**EXERCISE INPUTS**.

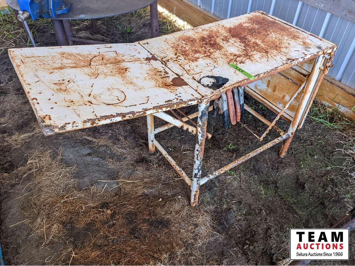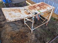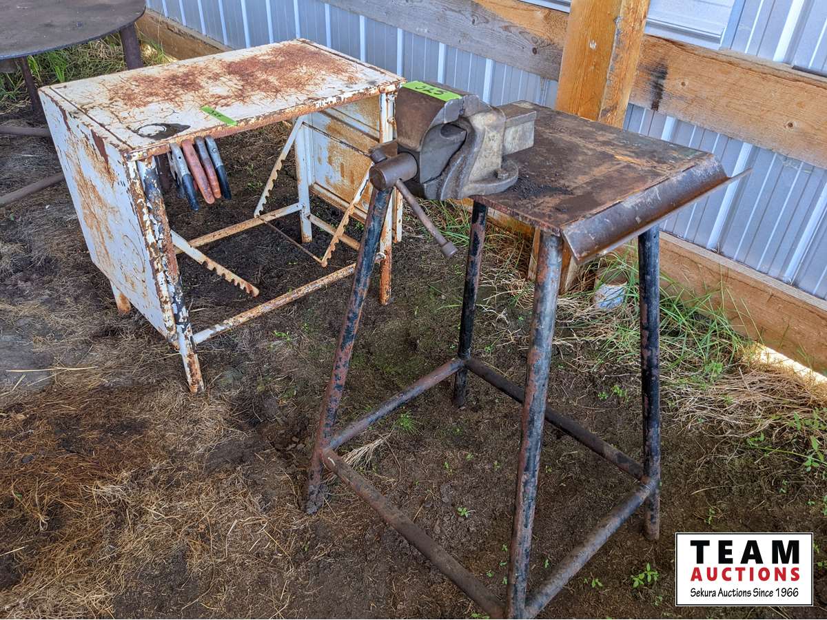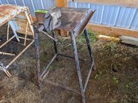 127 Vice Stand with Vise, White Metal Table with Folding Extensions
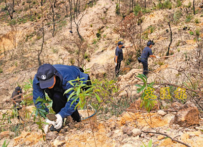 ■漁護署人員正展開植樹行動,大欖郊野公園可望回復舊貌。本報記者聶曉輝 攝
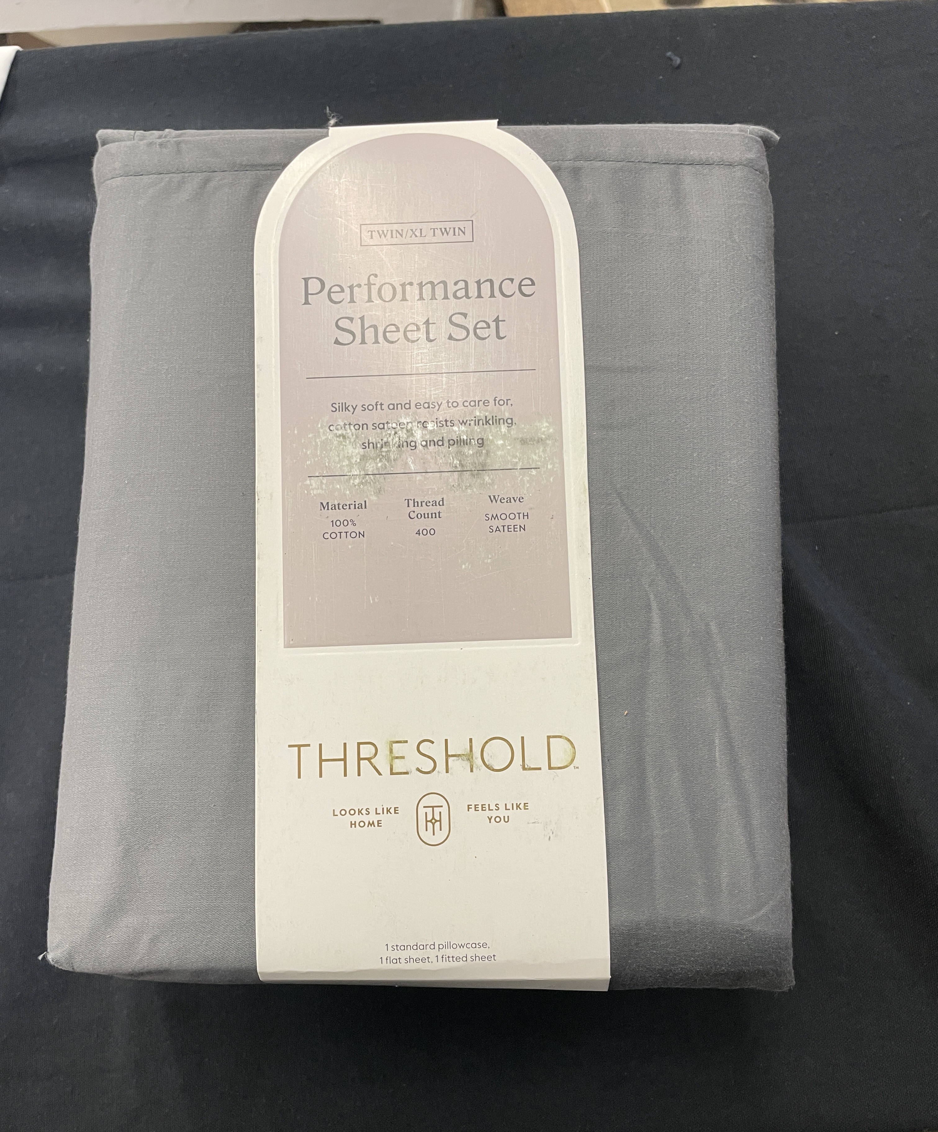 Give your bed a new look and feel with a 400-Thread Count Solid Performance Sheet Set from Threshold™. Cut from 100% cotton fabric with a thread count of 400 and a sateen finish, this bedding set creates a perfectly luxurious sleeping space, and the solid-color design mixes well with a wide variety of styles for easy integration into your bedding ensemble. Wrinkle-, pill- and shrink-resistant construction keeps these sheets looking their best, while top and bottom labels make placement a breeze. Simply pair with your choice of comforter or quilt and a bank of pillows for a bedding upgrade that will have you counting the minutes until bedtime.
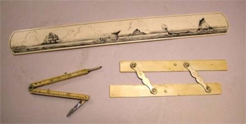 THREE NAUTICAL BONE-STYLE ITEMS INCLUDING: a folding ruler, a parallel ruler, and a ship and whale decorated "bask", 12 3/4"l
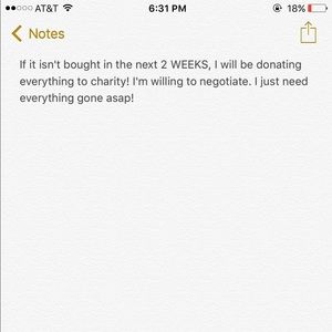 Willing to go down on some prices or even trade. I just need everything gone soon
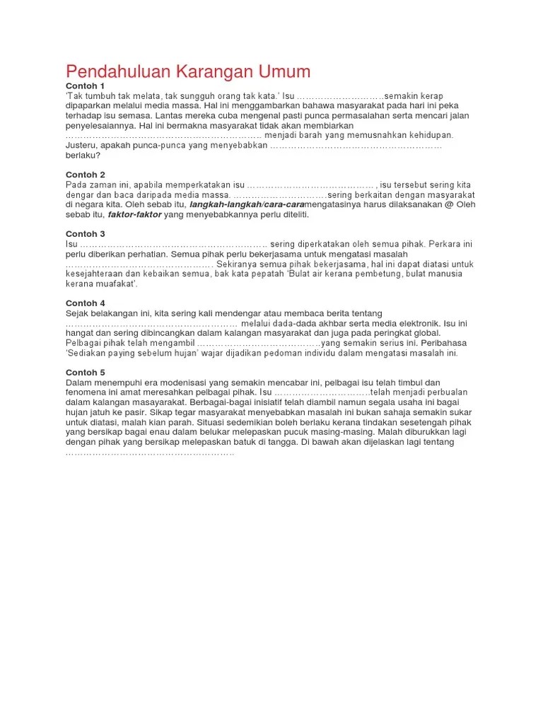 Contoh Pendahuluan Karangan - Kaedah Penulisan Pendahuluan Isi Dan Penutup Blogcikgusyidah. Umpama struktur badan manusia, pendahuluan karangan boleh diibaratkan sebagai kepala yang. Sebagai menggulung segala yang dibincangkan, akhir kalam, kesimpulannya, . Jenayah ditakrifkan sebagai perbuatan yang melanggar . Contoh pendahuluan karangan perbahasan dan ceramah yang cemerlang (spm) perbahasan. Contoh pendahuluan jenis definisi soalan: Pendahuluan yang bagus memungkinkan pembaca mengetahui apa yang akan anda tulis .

**WHAT IS EXPECTED**. With the pictures left out, write out exactly the lines above from the one containing "THREE NAUTICAL BONE-STYLE" through the one containing "Willing to go".

**FINISHED TASK**.
 THREE NAUTICAL BONE-STYLE ITEMS INCLUDING: a folding ruler, a parallel ruler, and a ship and whale decorated "bask", 12 3/4"l
 Willing to go down on some prices or even trade. I just need everything gone soon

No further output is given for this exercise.